🤖 AI Summary
This work addresses security vulnerabilities in large language model (LLM) prompts by proposing a lightweight, interpretable defense mechanism. The approach jointly trains a prompt classifier and an explanation generator via multi-task learning, incorporating synthetically generated explanations designed to counteract LLMs’ confirmation bias. A novel uncertainty-weighted loss function—integrating cross-entropy and focal loss with global explanation signals—is introduced to enhance robustness.

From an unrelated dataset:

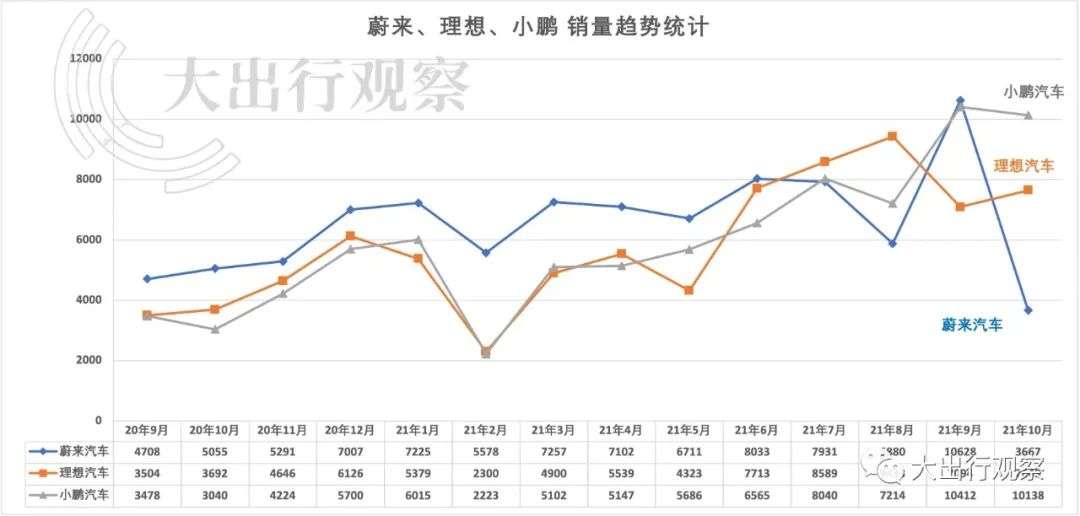 要等到10月,蔚来遭芯片危机,车辆延迟交付,小鹏才以10138辆的交付量首次超越蔚来、理想,当月交付夺冠。但这一销量数字也比9月下降2.63%。

Evaluated on three datasets under both in-domain and out-of-domain settings, the method matches or exceeds state-of-the-art performance in both detection accuracy and explanation quality, while substantially reducing model size. This achieves a strong balance among efficiency, interpretability, and security.
📝 Abstract
We propose a lightweight explainable guardrail (LEG) method for the classification of unsafe prompts. LEG uses a multi-task learning architecture to jointly learn a prompt classifier and an explanation classifier, where the latter labels prompt words that explain the safe/unsafe overall decision. LEG is trained using synthetic data for explainability, which is generated using a novel strategy that counteracts the confirmation biases of LLMs. Lastly, LEG's training process uses a novel loss that captures global explanation signals and combines cross-entropy and focal losses with uncertainty-based weighting. LEG obtains equivalent or better performance than the state-of-the-art for both prompt classification and explainability, both in-domain and out-of-domain on three datasets, despite the fact that its model size is considerably smaller than current approaches. If accepted, we will release all models and the annotated dataset publicly.